If 10k–20k teams operate production LLM features and spend $5k–$30k ARR on routing/observability/guardrails, that implies a $50M–$600M serviceable bucket; scaling to ~50k teams at $10k–$50k ARR suggests $0.5B–$2.5B over time. These ranges reflect adoption growth and typical mid-market tooling budgets.

Assumptions:

  • Number of active LLM-app teams grows to ~10k–50k globally over the next few years.
  • Per-team ARR for this layer ranges from ~$5k (startup) to ~$50k (mid-market).
  • Spend is primarily software (not including model/provider or compute costs).

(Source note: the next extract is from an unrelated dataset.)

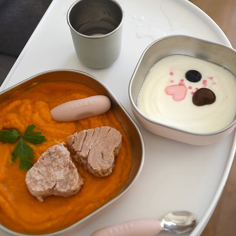 Набор детской посуды из нержавеющей стали BEABA станет отличным помощником в кормлении малыша. Каждый предмет из набора разработан из безопасных материалов с учетом всех потребностей малыша, который только начинает знакомиться с прикормом или уже осваивает навыки самостоятельного приема пищи.
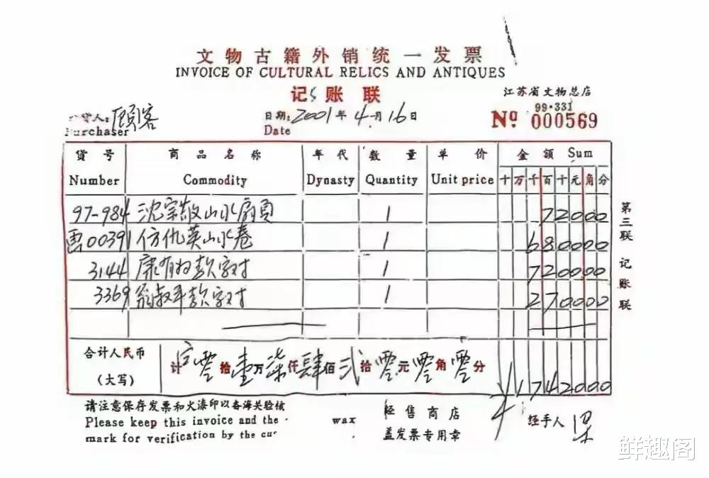 院方提供的一张销售清单上,买方一栏只登记了含义模糊的“顾客”二字。这个截图此前也在网上流传。归根结底,这幅画确实是从南博“消失”的,并于2025年出现在了拍卖市场。这三条时间线无法同时成立,如果记录和证人证言属实,那么南博2001年的销售发票又怎么解释呢?

Who are some of their notable competitors

  • LangSmith (LangChain): Developer-focused observability and evaluation tied to LangChain traces and workflows; SDK-first rather than a proxy/gateway drop-in LangSmith docs.
  • Helicone: Open-source AI gateway + observability with a one-line proxy, routing, caching, and built-in logging; functionally close on proxyed observability, with an OSS-first positioning Helicone docs.
  • Robust Intelligence (Cisco AI Defense): Focuses on adversarial testing and real-time AI firewall protection; emphasizes security/red-teaming over the per-task evals + cost routing workflow Robust Intelligence docs.
  • Arize: Enterprise LLM/ML observability and continuous evaluations with large-scale tracing and dashboards; deeper analytics focus versus a lightweight proxy/guardrails layer Arize docs.
  • Fiddler AI: Enterprise observability and explainability with guardrails, risk, and governance tooling; serves compliance-heavy use cases, beyond a simple drop-in gateway Fiddler product pages.